And then there’s Gazelle, who’s hard to adequately describe in words for the language’s inherent inability to match her awesomeness:
Much has been made of Kingsman’s final scene, an obvious homage to the time-worn James Bond movie closings of old where Bond inevitably beds the girl, only this time it’s equally obvious our superspy protagonist gives the girl anal. While it’s a potentially offensive moment, it’s clearly more tongue-(and other parts)-in-cheek than anything else. Part of the fantasy of the classic James Bond is that, while he does always get the girl, we never really dwell on the particulars. You never see Bond and Bond girl reach any sort of climax, nor have we ever really seen a Bond sex scene so much as the immediate pre and/or proceedings, precisely because it’s all fantasy. Kingsman’s conscious (and graphic) acknowledgement of the nature of the encounter serves merely to put a point (among other parts) on that fact, even if it does reduce women to little more than a role of subservience and a reward for the successful man. From a feminist perspective, I think what’s more concerning, is that Roxy, the only major female Kingsman, winds up missing the bulk of the movie’s action, with her part in the plan relegating her to minor contributor and then cheerleader throughout the movie’s conclusion. What might have been a more directly empowering and certainly much more subversive take on the whole thing is if the girl got the girl in the end, although if we’re being honest, just imagining Roxy and the princess together would have been more than enough to send a large part of the male audience into a froth (he said in his final double entendre of the review).
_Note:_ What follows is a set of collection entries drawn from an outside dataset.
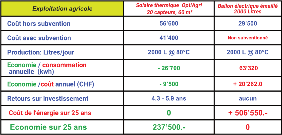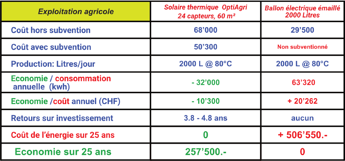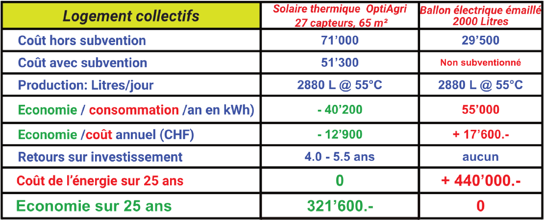 Economie annuelle d’énergie : 6’572 kWh, par rapport à une installation avec un boiler électrique.
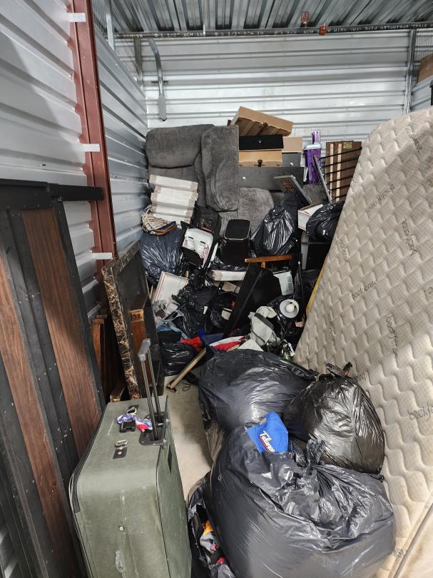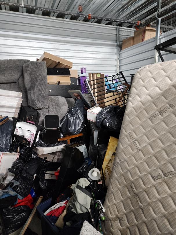 This unit appears to contain…Pictures, back pack, boxes, crock pot, kid's toys, suitcase, pillows, bags of belonings
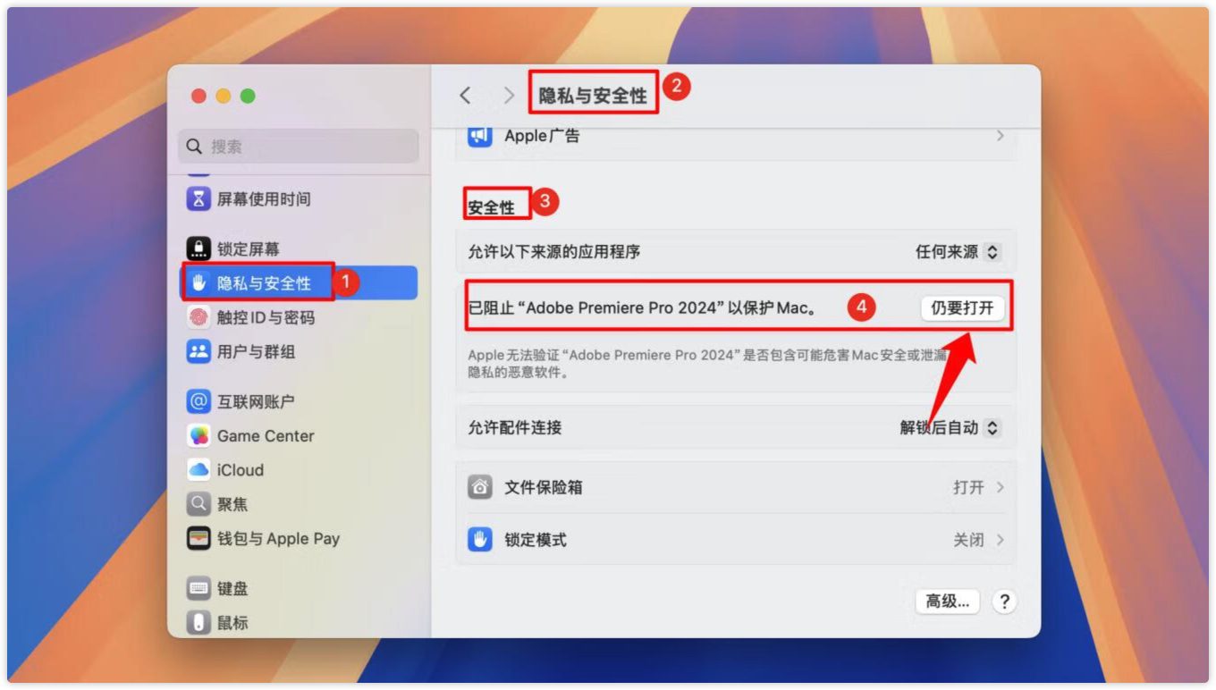 ⚠️安装前先开启电脑【系统偏好设置】-【安全与隐私】 中的 【任何来源】 选项
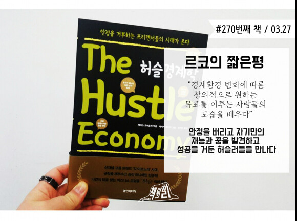 허슬경제학(The Hustle Economy) 이라는 이름만 들었을때에는 평상시 익숙하지 않은 분야였기때문에 - 경제학의 한 분야인가라는 의문으로 책을 접하게 되었는데, 안정을 거부하는 프리랜서들의 시대가 온다라는 부분의 부제가 마음에 들어서 뭔가 새로운 부분을 이야기하는 것 같다라는 느낌을 주는데 - 예전에는 기업/업체 등 어느정도 준비가 된 조직에서 고용하는 형태에 일이 많았다면 이제는 프로젝트성으로 고용되는 형태가 많아졌는데, 각자의 전문가들이 각자 필요한 상황에 모여서 업무를 해나가는 식, 얼마전 읽었던 "나는 1인기업가다"라는 책과 연결이 되어지면서 현재 경제흐름에 대해서 생각하게 되었다. 더이상 이론에만 존재하는 대로 우리가 움직이지 않음을 4차 산업혁명으로 인해서 사실 모두가 느끼는 것은 아니지만 이미 새로운 형태의 경제가 생겨났음을 알려주는 책이다. 새로운 형태의 경제는 누군가가 알려주지 않으면 혹은 먼저 걸어가면서 느낀 사람들이 알려주지 않으면 알 수 없다. 이 책은 허슬경제학 시대를 살아가는 우리에게 사실적으로 또 솔직하게 이야기를 해준다. 좋아하는 일과 잘하는 일과 새로운 일들 중 어떤 것을 내가 선택해야하는지에 대해서 누구나 고민을 하게된다. 지금 이시대 내가 어떤 방향으로 살아야할지 고민이 된다면, 이 책이 조금은 시야를 열어주고 현실적 생각들에 대한 방법을 생각하게 할 수 있을 것 같다.
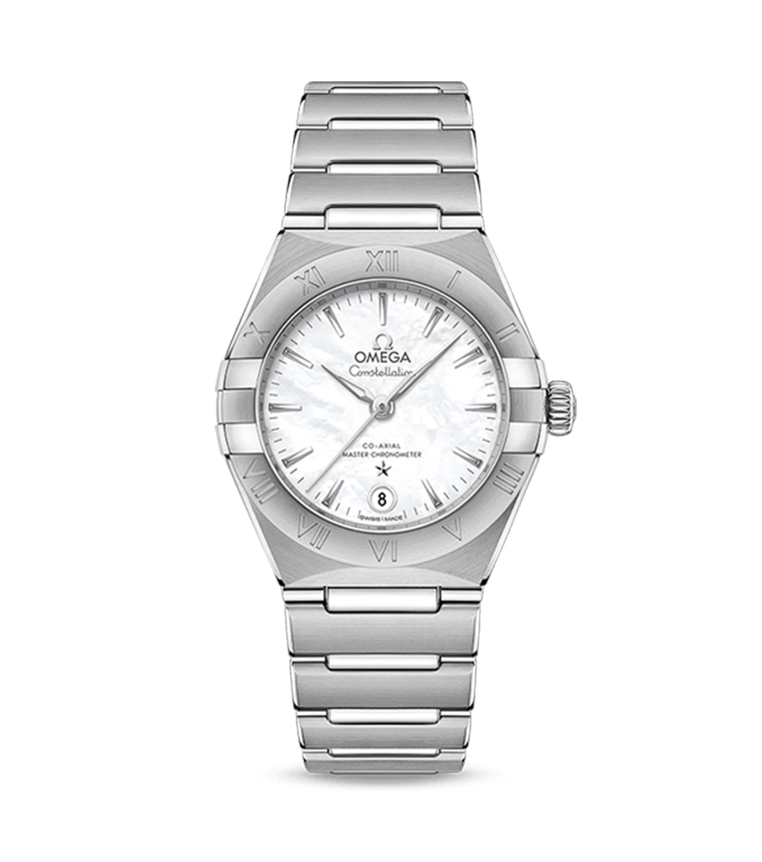 Este reloj Omega para mujer de 29 mm en acero noble luce un bisel con números romanos grabados, esfera de nácar perlado y una ventana de fecha situada a las 6 h. Las agujas, el logotipo OMEGA, la estrella Constellation y los índices son de oro blanco de 18 qt.
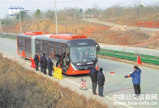 据介绍,BRT公交车是由汉企——扬子江汽车集团采用自主技术研制,为纯电动铰接车。车身颜色为橘红色,因采用了更为轻便的车用材料等,车辆自重比同级别的燃油公交车降低20%,整车能耗降低15%。
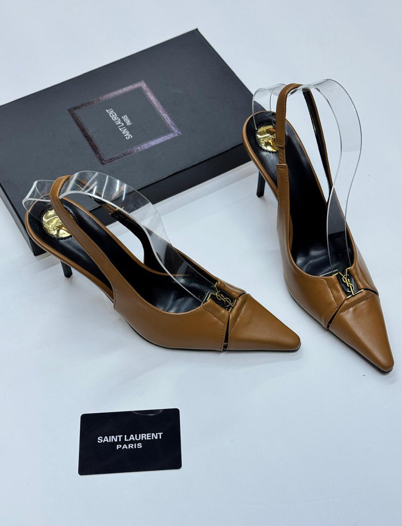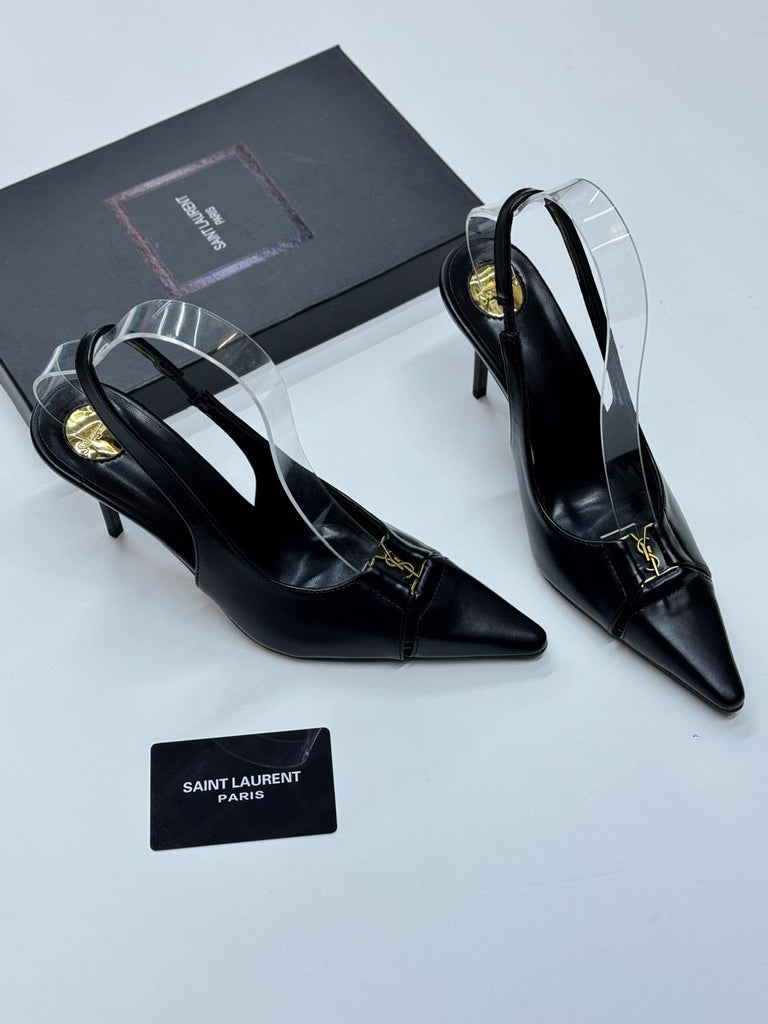 Crafted from luxurious leather (or patent leather, depending on the variation), the Babylone Breteuil showcases YSL’s signature elegance with a slingback strap for a secure yet feminine fit. The logo-engraved heel and subtle branding add a touch of understated luxury, making these pumps a versatile choice for both office wear and evening glamour.

Overall, Kingsman is a movie that will please almost everyone who’s up for what its producers are putting down, but even though I can’t really fault it on any technical level, I’m still not in love with it. For me, what’s troubling is that the movie offers nothing in the way of an answer to the dilemma that it poses of overpopulation, instead leaving the problem and those answers for another day and a more ambitious story. Certainly nothing about Kingsman suggests that it’s the ideal platform for such heady topics, but that fact also undermines much of the movie’s sense of reality and, perhaps more importantly, danger in a genre that’s moved towards both of those sensibilities even in its most venerable franchises (i.e., Daniel Craig’s Bond). It poses two different stories concerning the idea of who’s special and who’s not, but offers only normal answers and a normal conclusion. It’s ultimately a movie that’s great at a few things, but doesn’t come close to being anything that really matters. While that takes a lot of the pressure off, allowing it to be a nice, entertaining movie, it’s, therefore, also lacking the edge it needs to push it beyond crowd pleaser and toward becoming anything truly special. I mean, sure, I loved Kingsman… like I love Fresca.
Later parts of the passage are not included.